A prova é a publicação deste livro, pouco mais de dois meses passados desde o dia em que pôs na ideia edita-lo. Tem apenas 27 anos e com esta idade não pode, óbviamente apresentar um longo curriculum. Direi apenas que nasceu e vive em Almada, frequentou a Universidade Autónoma de Lisboa, é habilitado com o Certificate of Proficiency in English da Cambridge School, e tem um curso de informática que lhe permite exercer a profissão de Assistente Técnico de Internet na Novis. Teve ainda, até há pouco tempo, uma banda que entretanto acabou, cantou em bares durante uns meses, escrevendo algumas das canções que interpretava, uma curta participação como locutor e colaborador na Rádio Voz de Almada e, last but not the least, escreveu os poemas que neste livro publica e parece ter encontrado na poesia a sua grande vocação.

Quanto ao intérprete e produtor do CD, Luís Gaspar: Nasceu, como ele diz, a ouvir o apito dos comboios na estação de Campolide, no ano em que começou a guerra civil de Espanha (quem souber que faça as contas), estudou na Escola Veiga Beirão e no Instituto Comercial. De 1954 a 1957 fez teatro radiofónico na Emissora Nacional, ao lado de grandes actores, como Álvaro Benamor, tendo ganho dois prémios “Revelação do Ano” e “Melhor Actor Jovem”; fez locução, representação e realização no Rádio Club Português e Rádio Renascença, numa época em que a ràdio era a rainha do entretenimento no nosso país; entra depois no mundo da publicidade, quer como empresário quer como locutor; experimenta também o cinema, realizando vários documentários, alguns de cariz político no pós 25 de Abril; e desde 1990 que assumiu por inteiro a profissão de locutor de publicidade. O timbre e a versatilidade das suas capacidades vocais, tornaram-no justamente conhecido nos meios publicitários, chegando a ser conhecido como “a Voz”. A par da sua actividade profissional criou em 1997 o site
TRUCA - um dos sites não comerciais de maior visibilidade do nosso país e posteriormente, - por pura diversão e apego à difusão da nossa cultura literária – o audioblogue Estúdio Raposa com, actualmente, dois programas semanais, Palavras de Ouro e Lugar aos Outros, já atrás mencionado.

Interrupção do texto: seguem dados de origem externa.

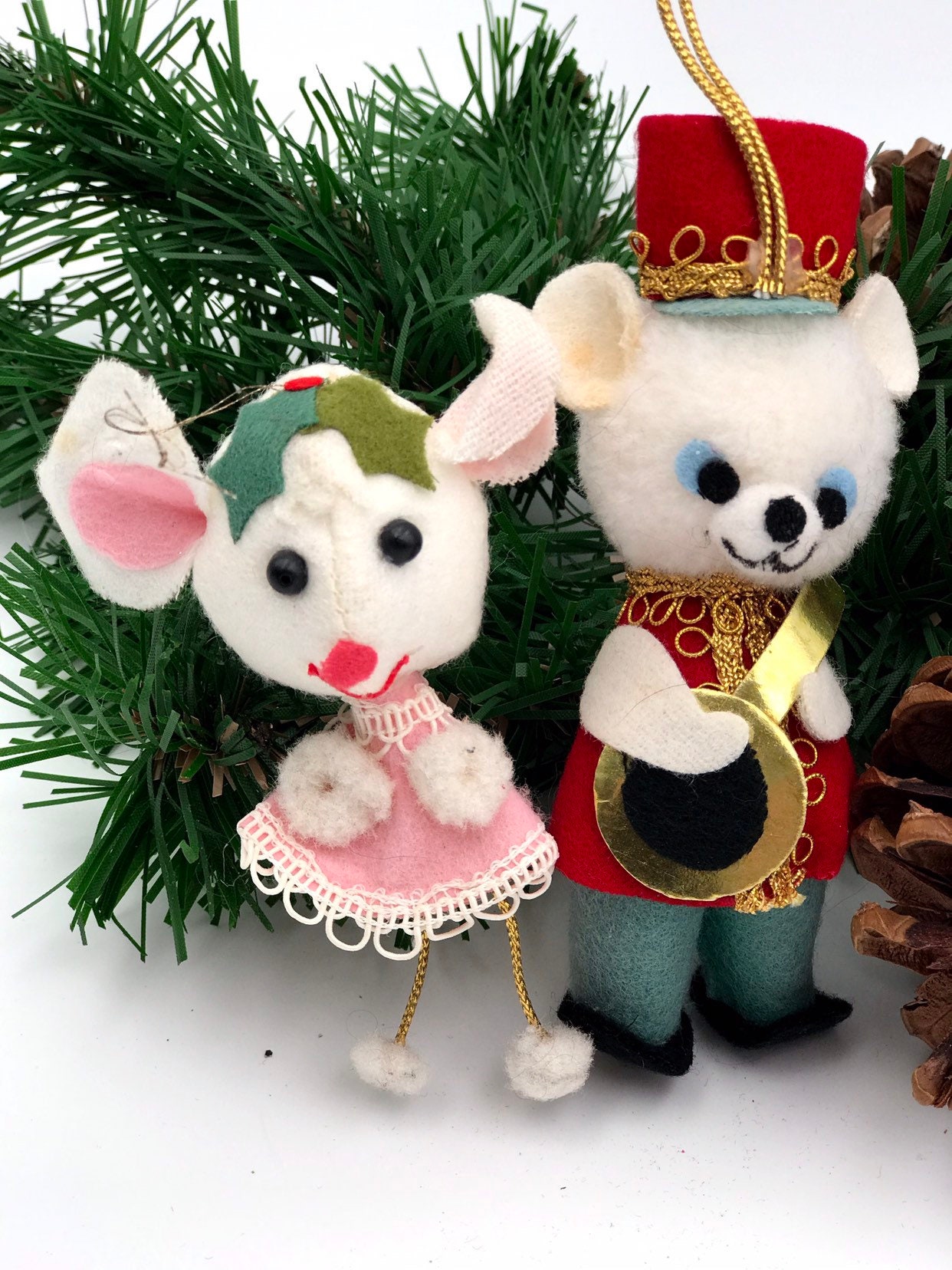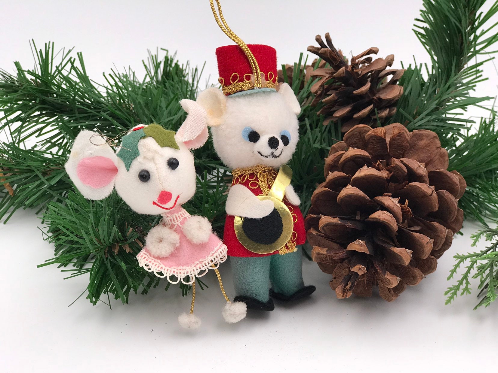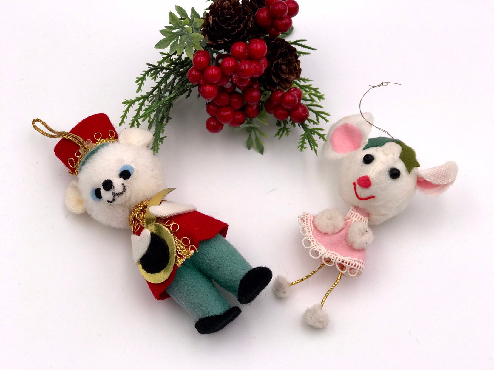 This is a sweet set of vintage Christmas ornaments from the 1960s. They have are handmade of Felt. They are dressed in cute little fabric clothes.
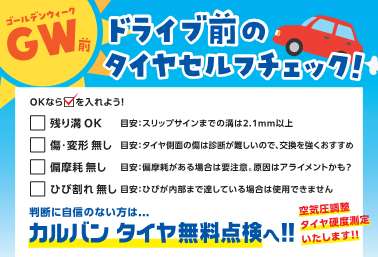 カルバン長岡店ではドライブ前のタイヤ無料点検実施中!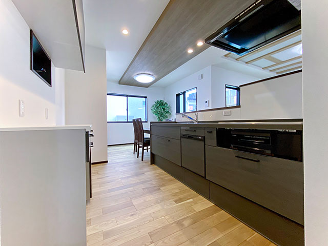 後ろのカップボード、右側にはパントリーがあるので食品や調味料の収納には困りません。

Quanto ao livro, tratando-se da primeira obra impressa de um jovem autor, com um produção naturalmente não muito vasta ainda, constitui óbviamente volume de formato reduzido mas com uma apresentação gráfica notável, sobretudo tendo em conta que se trata de uma edição de autor, por si inteiramente concebida e custeada. Compõe-se de 30 poemas divididos em dois capítulos: “Pedaços” e “Amor Ego” e de duas história em prosa.
Em “ Pedaços”, espalham-se, diz o autor, uma migalhas de Luz no seio de um ego forte; em “Amor-Ego” explora a sua própria história de sentimentos e aventuras emocionais que o purificaram e espera, através da partilha dessa viagem interior, tornar mais viva e transparente a consciência de quem o lê.
Os dois contos finais, espelham em prosa, poética aliás, o mesmo mundo interior do Rui Diniz, um mundo onde fantasia e realidade se misturam de tal forma que se torna impossível dizer onde uma termina e a outra começa. Como a vida, aliás. Vão gostar de viajar neste mundo interior do autor, que nesta pequena obra deixa vislumbrar potencialidades literárias que o tempo se encarregará de confirmar, espero.»

O meu humilde agradecimento a todos os que trabalharam, contribuiram e apoiaram este projecto que, deve referir-se, destina-se a tentar dinamizar a leitura e declamação em Portugal nos pequenos meios onde provavelmente circulará.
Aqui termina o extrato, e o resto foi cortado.